▸ EXERCISE: From the first line to the last, print the records exactly, leaving out the pictures.
____ EXTRACTED INFORMATION
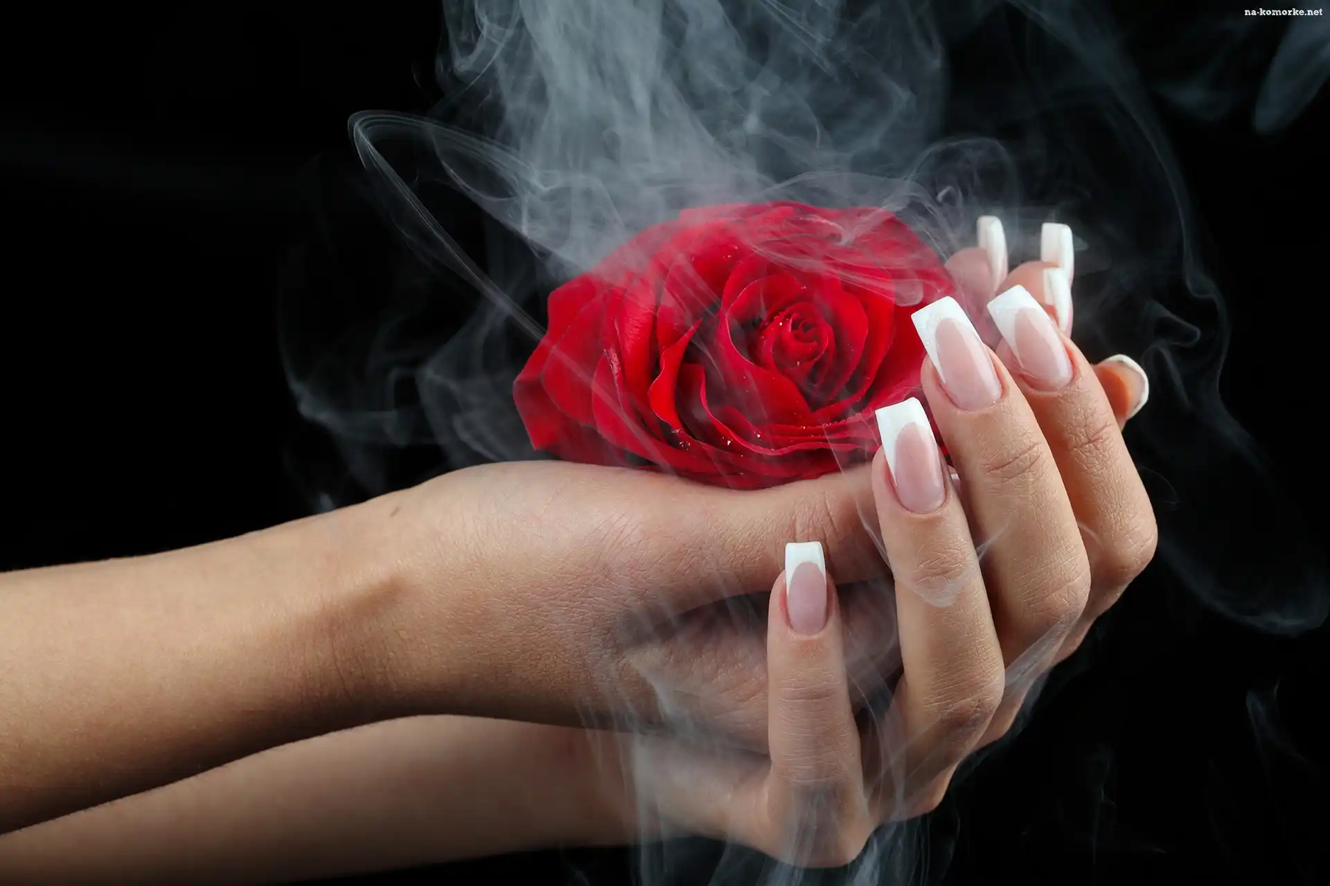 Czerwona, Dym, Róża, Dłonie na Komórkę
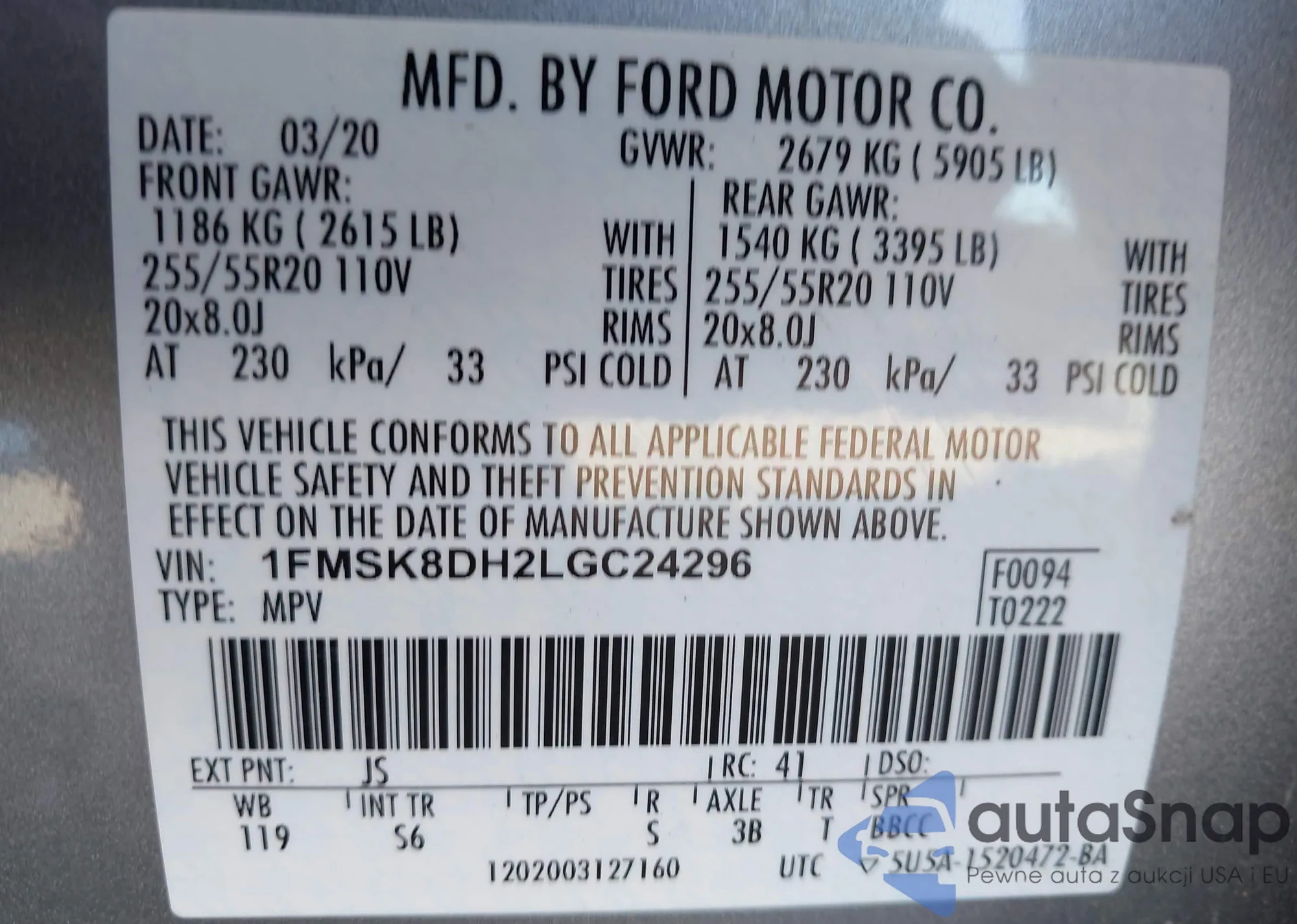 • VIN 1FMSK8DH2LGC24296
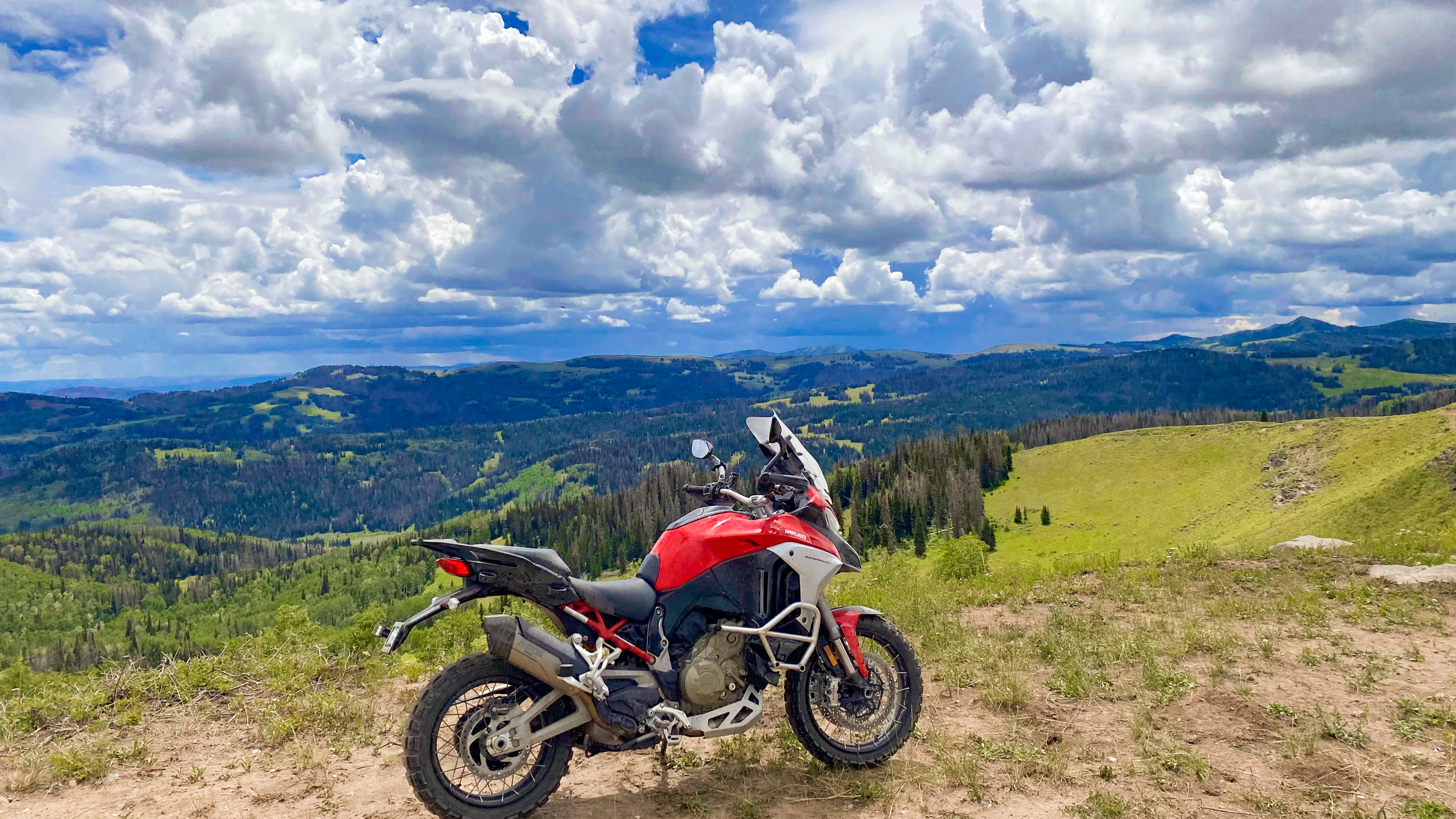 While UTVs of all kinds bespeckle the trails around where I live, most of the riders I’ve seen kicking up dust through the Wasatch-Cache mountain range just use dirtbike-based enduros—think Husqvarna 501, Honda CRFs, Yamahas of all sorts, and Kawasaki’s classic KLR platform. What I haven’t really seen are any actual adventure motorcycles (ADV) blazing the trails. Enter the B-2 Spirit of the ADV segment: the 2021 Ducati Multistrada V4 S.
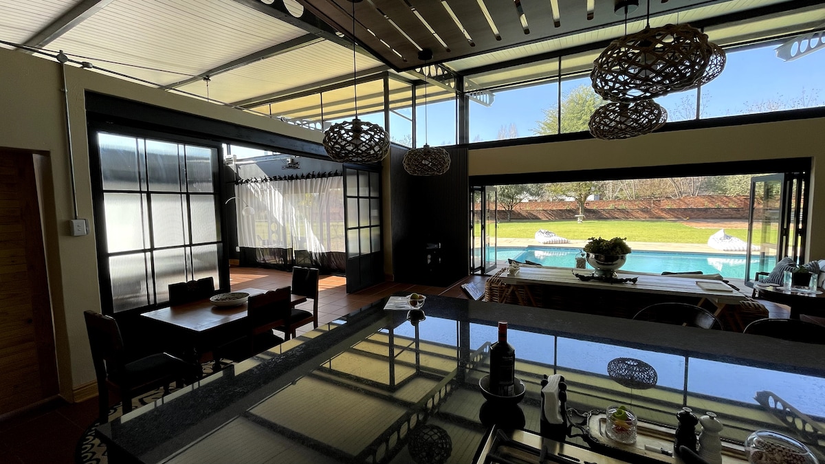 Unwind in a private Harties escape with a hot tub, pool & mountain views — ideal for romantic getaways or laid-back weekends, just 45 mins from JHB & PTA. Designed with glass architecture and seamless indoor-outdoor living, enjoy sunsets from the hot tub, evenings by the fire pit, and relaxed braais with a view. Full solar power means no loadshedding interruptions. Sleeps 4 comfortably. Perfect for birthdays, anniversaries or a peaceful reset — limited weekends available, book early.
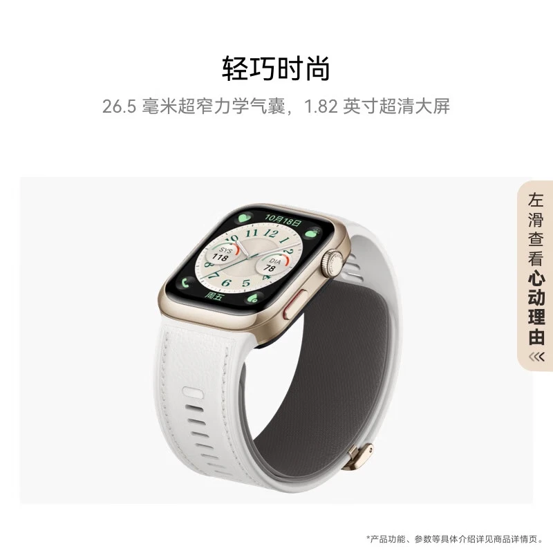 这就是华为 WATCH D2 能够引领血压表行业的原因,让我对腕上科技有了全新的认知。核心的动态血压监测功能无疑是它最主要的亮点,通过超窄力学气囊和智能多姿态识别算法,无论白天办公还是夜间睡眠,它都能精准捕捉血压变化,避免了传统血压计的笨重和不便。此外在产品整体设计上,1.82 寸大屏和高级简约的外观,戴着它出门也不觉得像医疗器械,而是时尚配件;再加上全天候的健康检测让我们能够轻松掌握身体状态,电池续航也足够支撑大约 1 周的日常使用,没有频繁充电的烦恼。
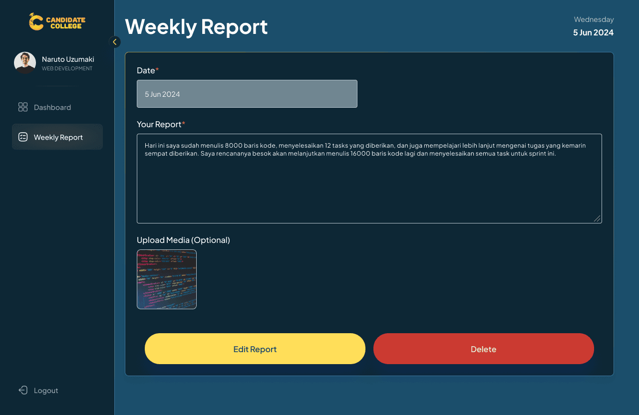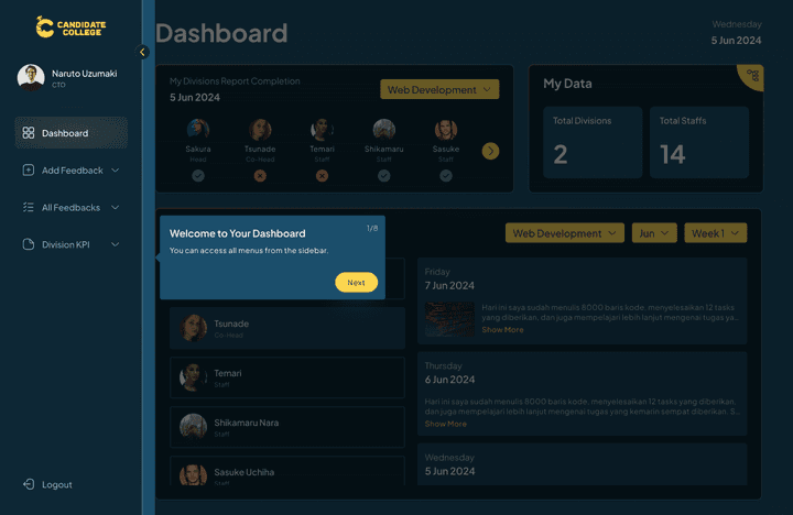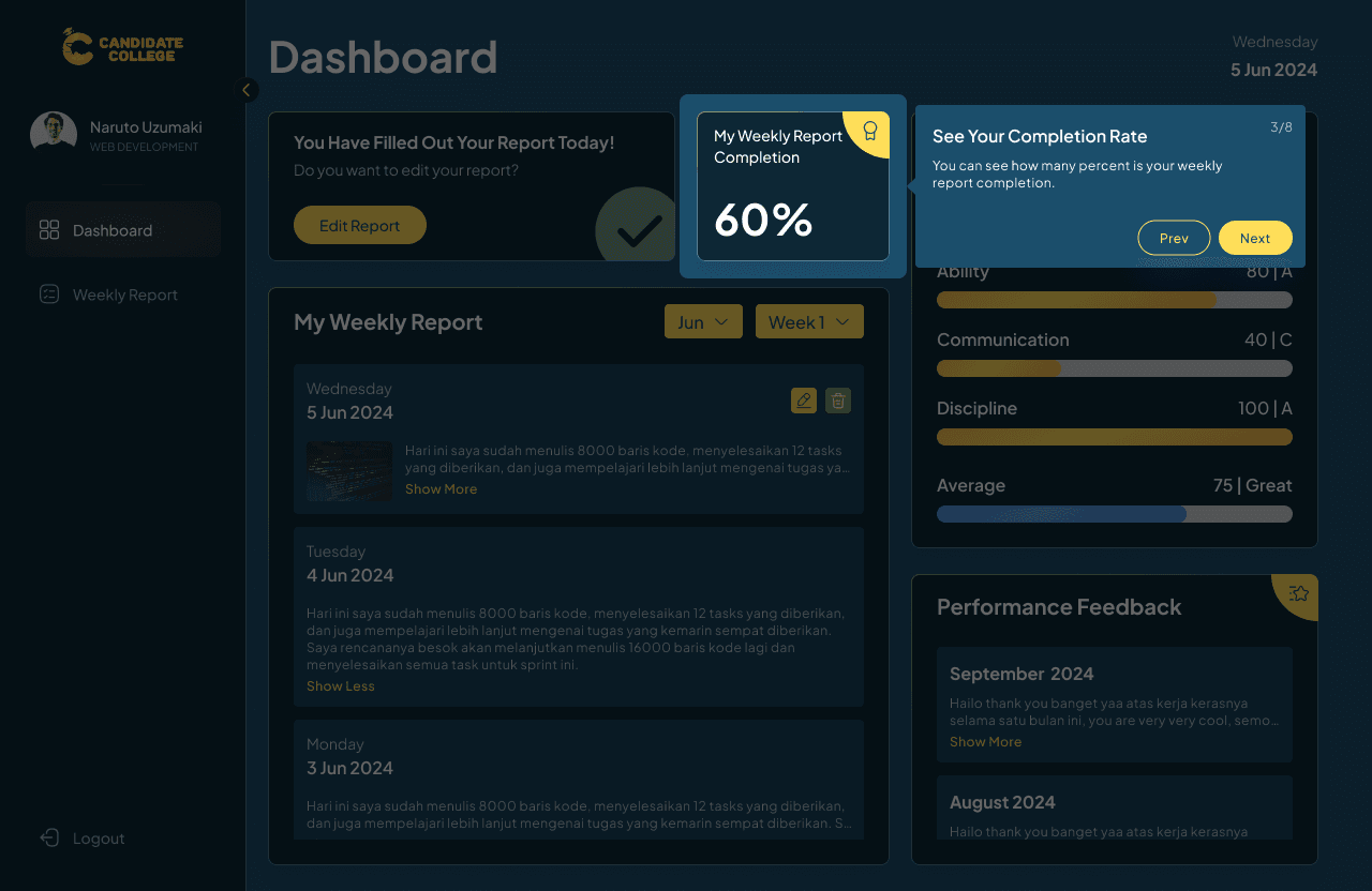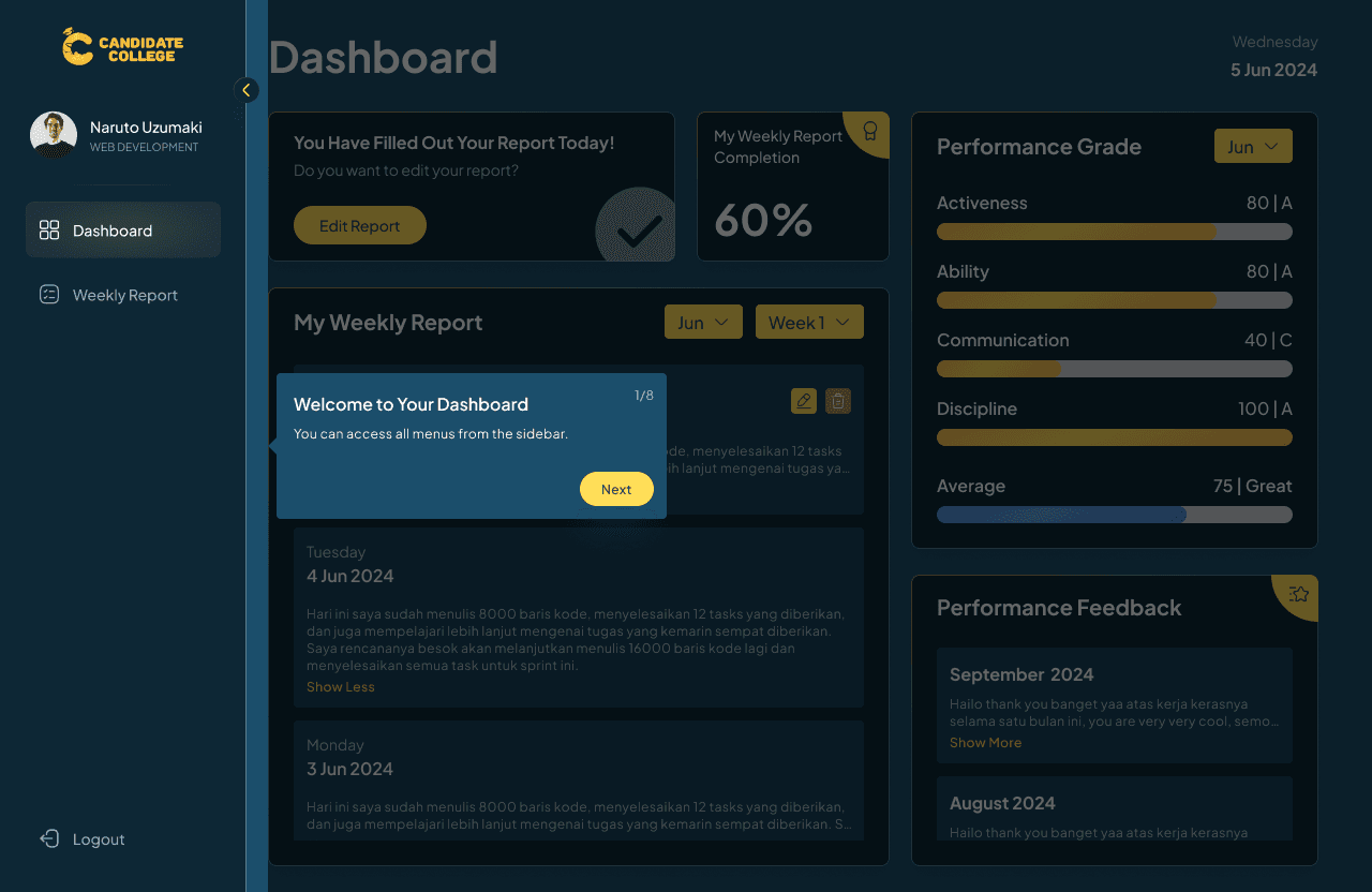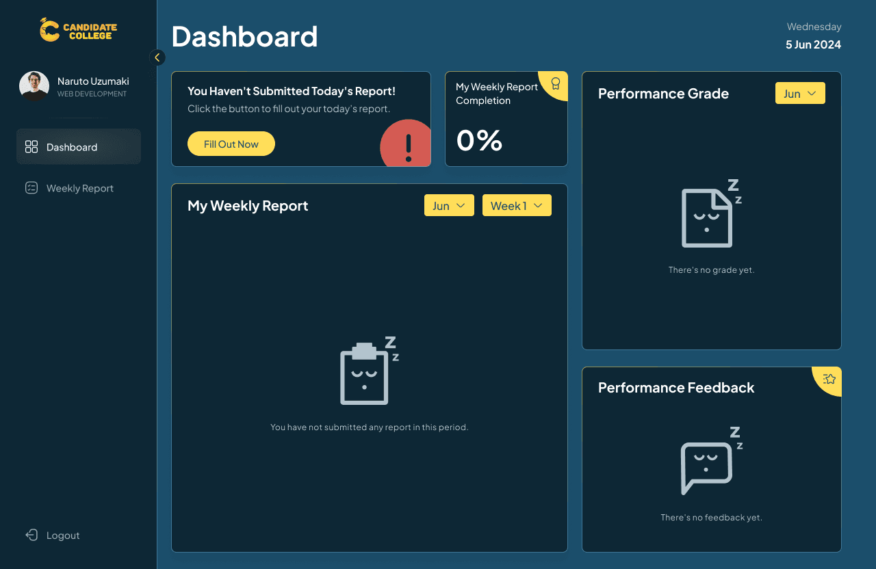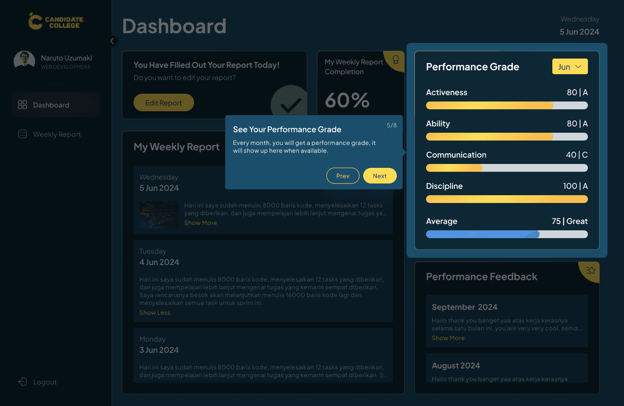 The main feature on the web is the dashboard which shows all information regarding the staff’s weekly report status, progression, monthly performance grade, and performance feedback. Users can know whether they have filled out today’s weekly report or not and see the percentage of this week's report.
________
▸ COMPLETED EXERCISE:
 Czerwona, Dym, Róża, Dłonie na Komórkę
 • VIN 1FMSK8DH2LGC24296
 While UTVs of all kinds bespeckle the trails around where I live, most of the riders I’ve seen kicking up dust through the Wasatch-Cache mountain range just use dirtbike-based enduros—think Husqvarna 501, Honda CRFs, Yamahas of all sorts, and Kawasaki’s classic KLR platform. What I haven’t really seen are any actual adventure motorcycles (ADV) blazing the trails. Enter the B-2 Spirit of the ADV segment: the 2021 Ducati Multistrada V4 S.
 Unwind in a private Harties escape with a hot tub, pool & mountain views — ideal for romantic getaways or laid-back weekends, just 45 mins from JHB & PTA. Designed with glass architecture and seamless indoor-outdoor living, enjoy sunsets from the hot tub, evenings by the fire pit, and relaxed braais with a view. Full solar power means no loadshedding interruptions. Sleeps 4 comfortably. Perfect for birthdays, anniversaries or a peaceful reset — limited weekends available, book early.
 这就是华为 WATCH D2 能够引领血压表行业的原因,让我对腕上科技有了全新的认知。核心的动态血压监测功能无疑是它最主要的亮点,通过超窄力学气囊和智能多姿态识别算法,无论白天办公还是夜间睡眠,它都能精准捕捉血压变化,避免了传统血压计的笨重和不便。此外在产品整体设计上,1.82 寸大屏和高级简约的外观,戴着它出门也不觉得像医疗器械,而是时尚配件;再加上全天候的健康检测让我们能够轻松掌握身体状态,电池续航也足够支撑大约 1 周的日常使用,没有频繁充电的烦恼。
 The main feature on the web is the dashboard which shows all information regarding the staff’s weekly report status, progression, monthly performance grade, and performance feedback. Users can know whether they have filled out today’s weekly report or not and see the percentage of this week's report.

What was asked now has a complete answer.